■ INFORMATION PROVIDED:
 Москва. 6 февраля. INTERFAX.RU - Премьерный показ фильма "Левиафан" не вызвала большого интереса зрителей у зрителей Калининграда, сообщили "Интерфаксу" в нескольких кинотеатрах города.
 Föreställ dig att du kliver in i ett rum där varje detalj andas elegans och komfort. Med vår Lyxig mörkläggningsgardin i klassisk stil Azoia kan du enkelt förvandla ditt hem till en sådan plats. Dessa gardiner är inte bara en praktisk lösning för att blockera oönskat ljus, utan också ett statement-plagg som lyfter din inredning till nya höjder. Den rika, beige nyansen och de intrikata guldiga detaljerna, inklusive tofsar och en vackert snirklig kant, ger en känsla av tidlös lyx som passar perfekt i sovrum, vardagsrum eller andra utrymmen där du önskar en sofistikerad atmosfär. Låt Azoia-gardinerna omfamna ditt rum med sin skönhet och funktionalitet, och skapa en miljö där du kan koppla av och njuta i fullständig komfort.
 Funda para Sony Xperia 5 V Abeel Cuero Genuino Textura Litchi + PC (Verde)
---
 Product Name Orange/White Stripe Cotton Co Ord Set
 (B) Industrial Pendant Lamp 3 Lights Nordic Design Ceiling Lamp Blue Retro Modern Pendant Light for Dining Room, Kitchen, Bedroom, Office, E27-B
--
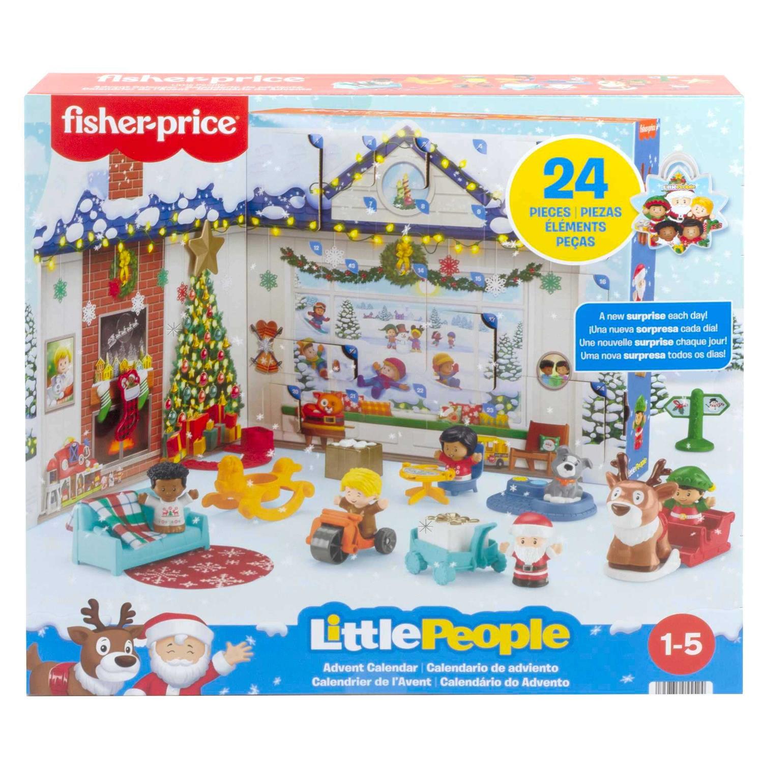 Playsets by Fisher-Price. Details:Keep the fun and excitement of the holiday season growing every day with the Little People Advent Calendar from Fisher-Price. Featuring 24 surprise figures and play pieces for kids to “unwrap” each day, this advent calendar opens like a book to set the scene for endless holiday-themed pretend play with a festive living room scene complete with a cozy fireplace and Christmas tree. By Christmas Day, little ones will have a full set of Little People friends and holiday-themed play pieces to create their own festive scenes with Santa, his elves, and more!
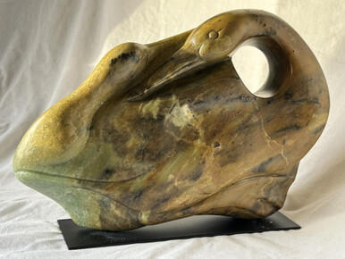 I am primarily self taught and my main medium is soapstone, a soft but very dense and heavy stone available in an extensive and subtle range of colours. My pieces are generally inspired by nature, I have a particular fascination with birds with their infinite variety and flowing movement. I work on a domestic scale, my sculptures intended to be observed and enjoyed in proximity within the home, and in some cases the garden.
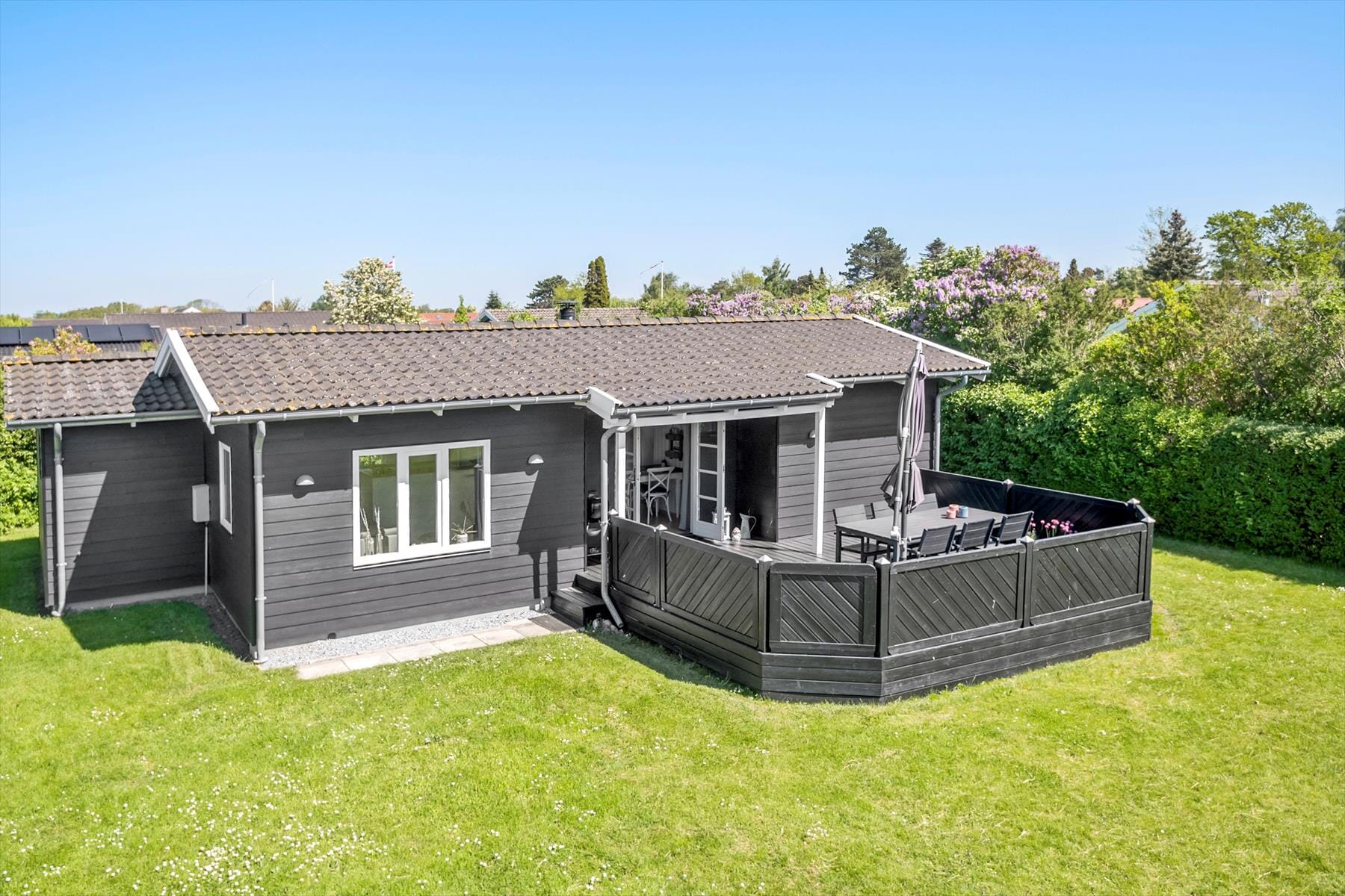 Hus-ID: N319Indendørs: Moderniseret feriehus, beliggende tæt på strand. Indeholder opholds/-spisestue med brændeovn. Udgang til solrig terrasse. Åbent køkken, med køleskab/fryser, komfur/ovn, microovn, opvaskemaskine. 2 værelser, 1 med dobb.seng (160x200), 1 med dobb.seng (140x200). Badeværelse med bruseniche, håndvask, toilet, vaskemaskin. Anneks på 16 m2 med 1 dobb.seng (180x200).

■ EXERCISE: An exact, complete copy of the lines above from the one with "Product Name Orange/White" through the one with "(B) Industrial Pendant" is the whole answer.

■ EXERCISE RESULT:
 Product Name Orange/White Stripe Cotton Co Ord Set
 (B) Industrial Pendant Lamp 3 Lights Nordic Design Ceiling Lamp Blue Retro Modern Pendant Light for Dining Room, Kitchen, Bedroom, Office, E27-B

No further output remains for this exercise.